Знаю их с 1909 года, когда поднимали «братство». Знались домами. С Алексеевым была, как с отцом. Как с дедом даже. С Наташей, Лавра Георгиевича дочкой, не просто работали вместе — подругами не разлей вода были!… Корнилова любила. Боготворила. И вечно буду любить и боготворить. Потому наверно, что любил его и боготворил как учителя и мудреца Густав. Ведь именно Лавр Георгиевич, в Генштабе ещё, задумал и подготовил Восточную экспедицию Маннергейма. И на подвиг этот научный сам его проводил! Калмык, он лучше кого бы то ни было понимал, что даст научный аспект этого разведочного вояжа в знании истории и культуры не только финно- угорских, но и народа Корнилова. Исторической судьбою которых сумел заинтересовать своего адъюнкта–чухонца… Безусловно, за Корниловым, как за легендарно храбрым и блестяще образованным офицером, шли самые молодые — за кем ещё им, — гимназистам да студентам, или тем же желторотым юнкерам и корнетам, — за кем им было идти тогда если не за своим кумиром?! А за Алексеевым, вождём русской армии на такой Мировой войне, — за мудрецом, — старики, естественно. Старший офицерский костяк добровольцев!…И уж как не терпелось кому–то посеять раздоры меж ними… Какие тогда грязные байки ни распускали?…Что до формального акта Государева ареста по возвращении его из ставки… Не Сам ли Государь сделал такое возможным? (Это мои бабьи мысли… Но вот слова Лавра Георгиевича: «Покончил самоубийством с собою и с империею!»… Бог им судья…Вечная память. Земля пухом… Сколь накручено было, наверчено было вокруг взаимоотношений их, хотя бы, с казачеством?…

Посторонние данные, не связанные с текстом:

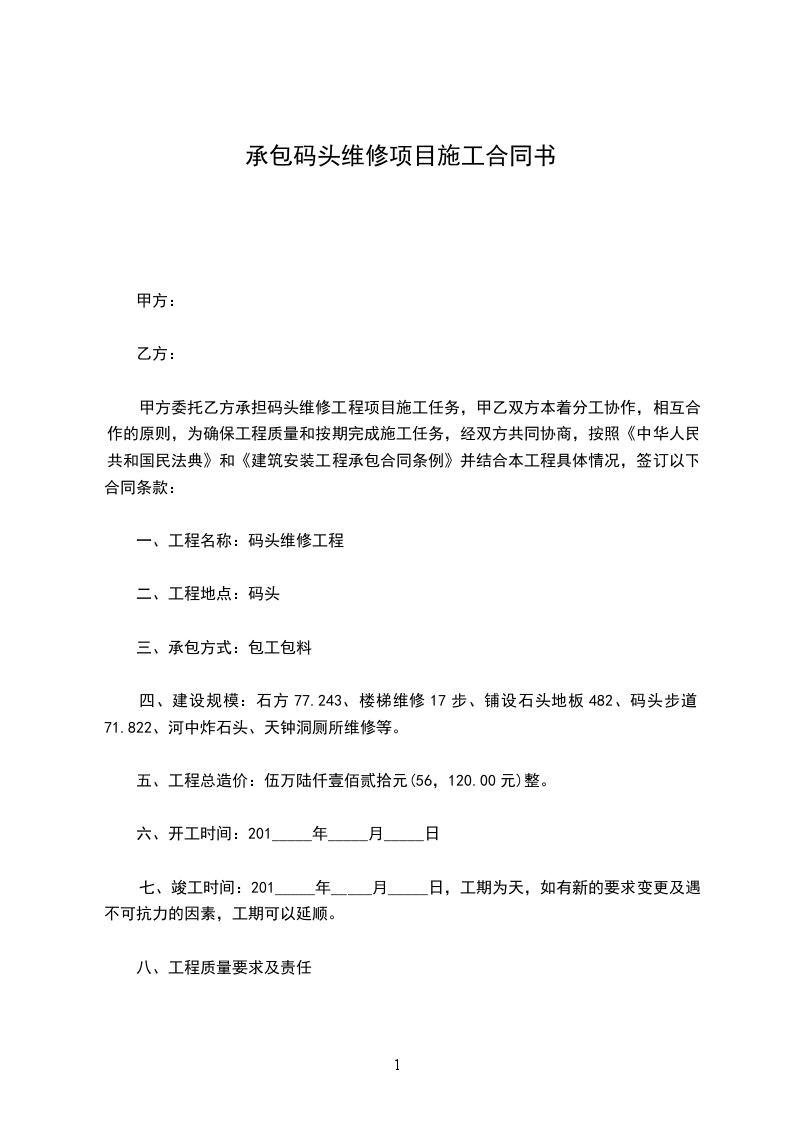 甲方委托乙方承担码头维修工程项目施工任务,甲乙双方本着分工协作,相互合作的原则,为确保工程质量和按期完成施工任务,经双方共同协商,按照《中华人民共和国民法典》和《建筑安装工程承包合同条例》并结合本工程具体情况,签订以下合同条款:

…Казачество… Ох, казаки–казаки!…Что ж, было с казаками не просто. Не просто всегда, к стати. Не просто во всю не простую российскую историю… Казачество — оно конечно, великая сила. Общественная…Социальная точнее… Воинская скорее всего. Вторая Армия! Да лихая…Однако, только когда есть над нею, над армией этой, где–то «Там», — хоть бы невесть где, — какая никакая Длань. Десница. Управа. Царь, тот же!…Ну, словом, над её силою — Силища! Когда — добрая для неё, когда — лютая и беспощадная. Повелеть она, в одночасье, может отличившимся — без счёту — бочонков «зелена вина» выкатить на потеху и веселье, без счёту цельных быков на копьях над куренными кострами зажарить. А когда может и покарать. Люто даже. К примеру, девятистам «зашалившимся» молодчикам враз головы на плахах по оттяпать. И, на «десерт», гирляндами вкруг Кремля по развешать!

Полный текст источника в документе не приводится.